Bonny returned the driver’s license. The black leather of the glove the woman extended was thin, not made for warmth, not waterproof, not fit for hauling lobster pots and nets.
“How long you lived on Boylston?”
“A week.”
Long enough to get yourself a driver’s license, though you walked out here four miles from town in wicked cold.
“What’s in the knapsack?”
The woman dropped the bag from her shoulder, settling it between her boots.
“I thought I would leave my husband. I packed clothes. Is all.”
“Let me see.”
The woman cocked her head. Her eyes flickered.
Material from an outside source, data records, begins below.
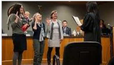
New City Councilors and Mayor
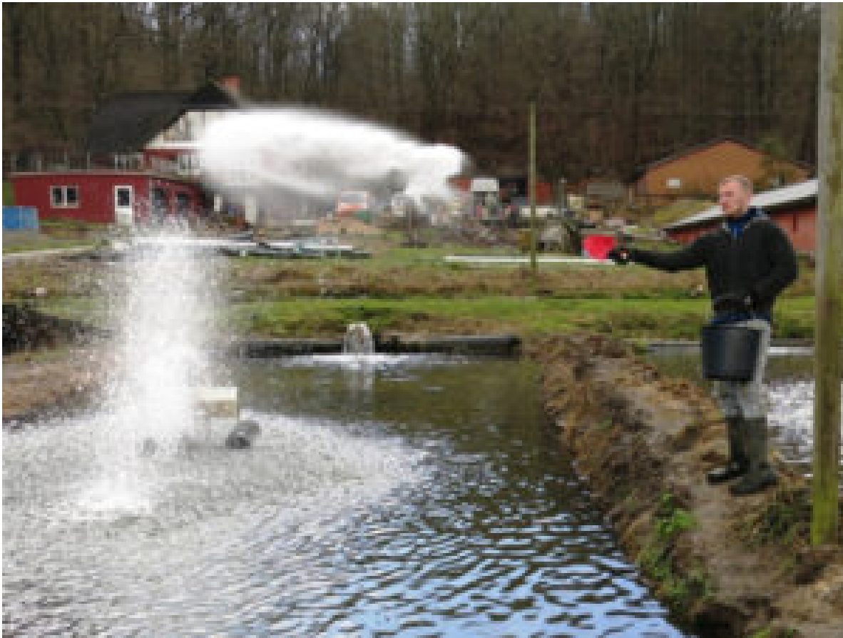
Example of manual application of the hydrogen peroxide-containing powder product SPC.
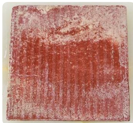
Single-layer 'cement' tile - Back Side
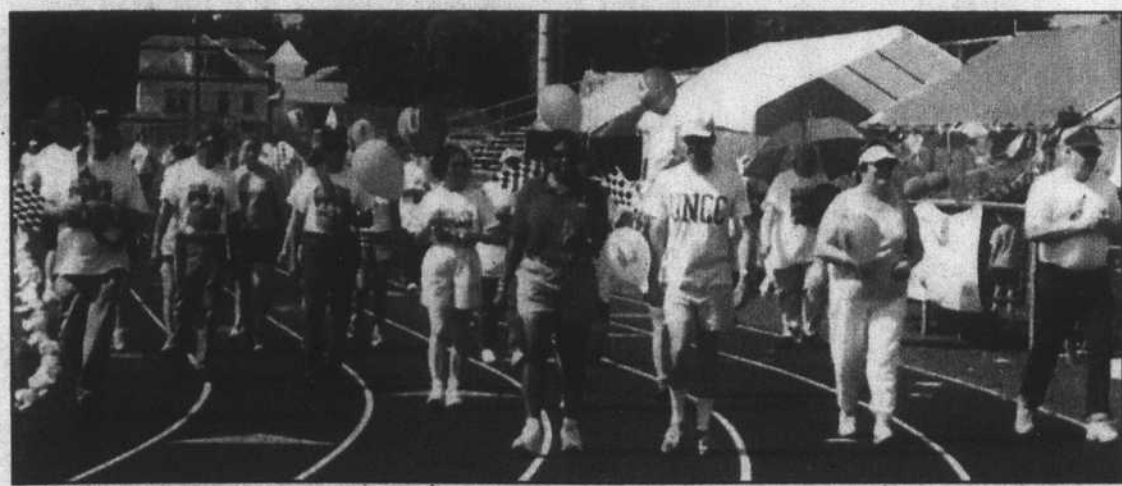
Residents of Chowan and Perquimans counties will join together this weekend at John A. Holmes High School in Edenton as they hold a joint American Cancer Society Relay for Life. Proceeds from the Relay, which raises thousands of dollars annually, will be used for cancer research.
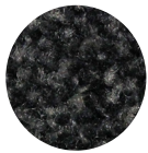
Black Mink (47) 3', 4', 5'
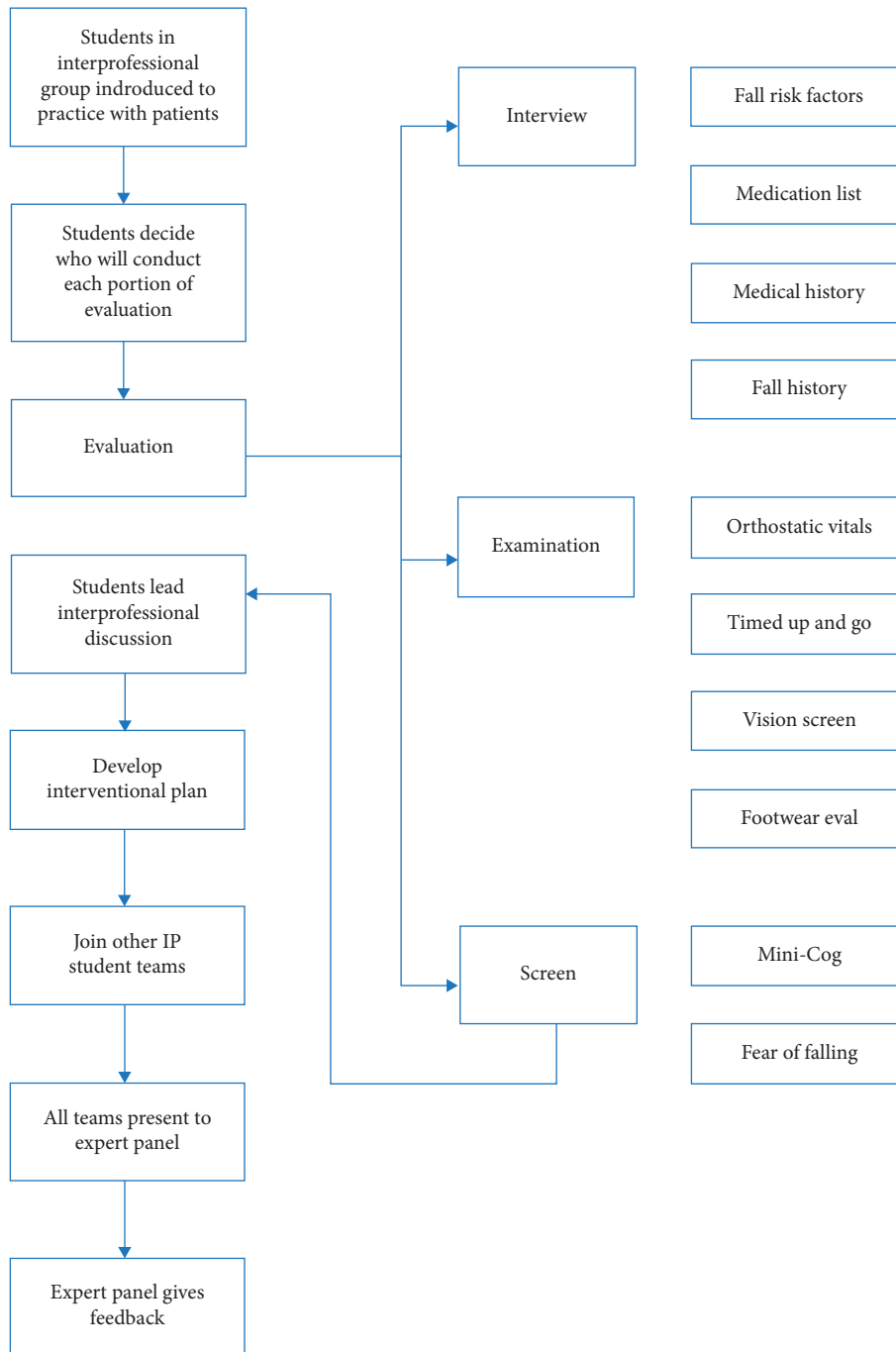
FIGURE 1: Standardized patient session flow.

and each group got a different standardized patient. Students decided amongst themselves who would obtain each portion of the assessment. Often, there was more than one discipline present who could obtain different pieces of information; for example, nursing students or paramedic students could obtain a blood pressure. Facilitators were present to ensure patient safety, answer questions, and maintain session timing but otherwise did not participate in the student-led session. Afterwards, students joined other small IP groups to present their patients and recommendations to an expert panel that included the
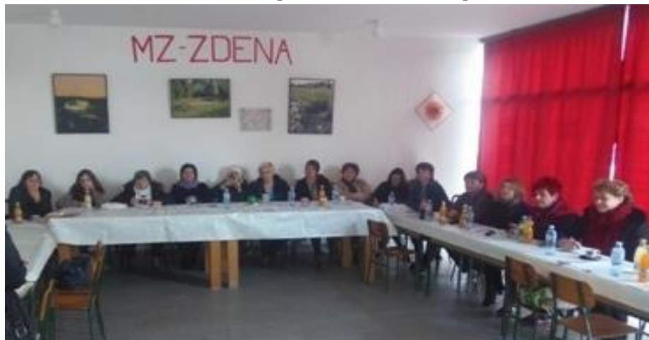
Workshop on "Sexual and reproductive health of women," February 13, 2015, MZ Zdena, Sanski Most
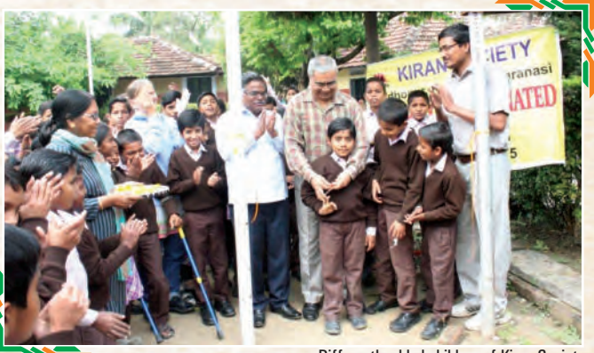
Differently-abled children of Kiran Society

A CSR project of HERP, Varanasi for providing sanitation facility in the following State Government run schools in and around the vicinity of the Unit is under execution.
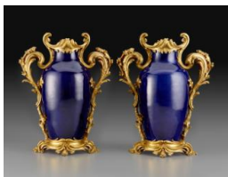
Title: Pair of Mounted Vases Date: ca. 1755-60 Primary Maker: Chinese, Qing Dynasty (1644-1911), First Half of the Eighteenth Century Medium: Hard-paste porcelain and gilt bronze Dimensions: 18 1/8 x 14 1/4 x 8 1/2 in. (46 x 36.2 x 21.6 cm)
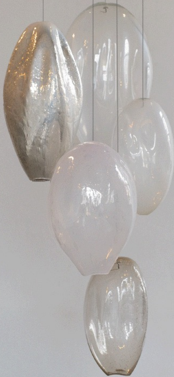
Ann Gardner, Trio H, 2026, Blown glass, 50 x 22 x 30 inches, $32000
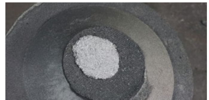
NETCore® riser contact

“Just let me go my way.” Her voice had changed, withdrawing something.
“Can’t do that, honey.”
“Why do you want to look in my bag?”
The accent was gone.
Bonny stared at her, lit up in the headlights. The first snowflakes of the year tumbled into the beams.
“I don’t know. The boys over in Belgium, I guess.”
The woman shook her head. She did not understand. Bonny almost did not.
Bonny stood as firm as she could, not tall but dutiful. She held the tire iron ready, while the mystery woman kneeled to her satchel in the sand.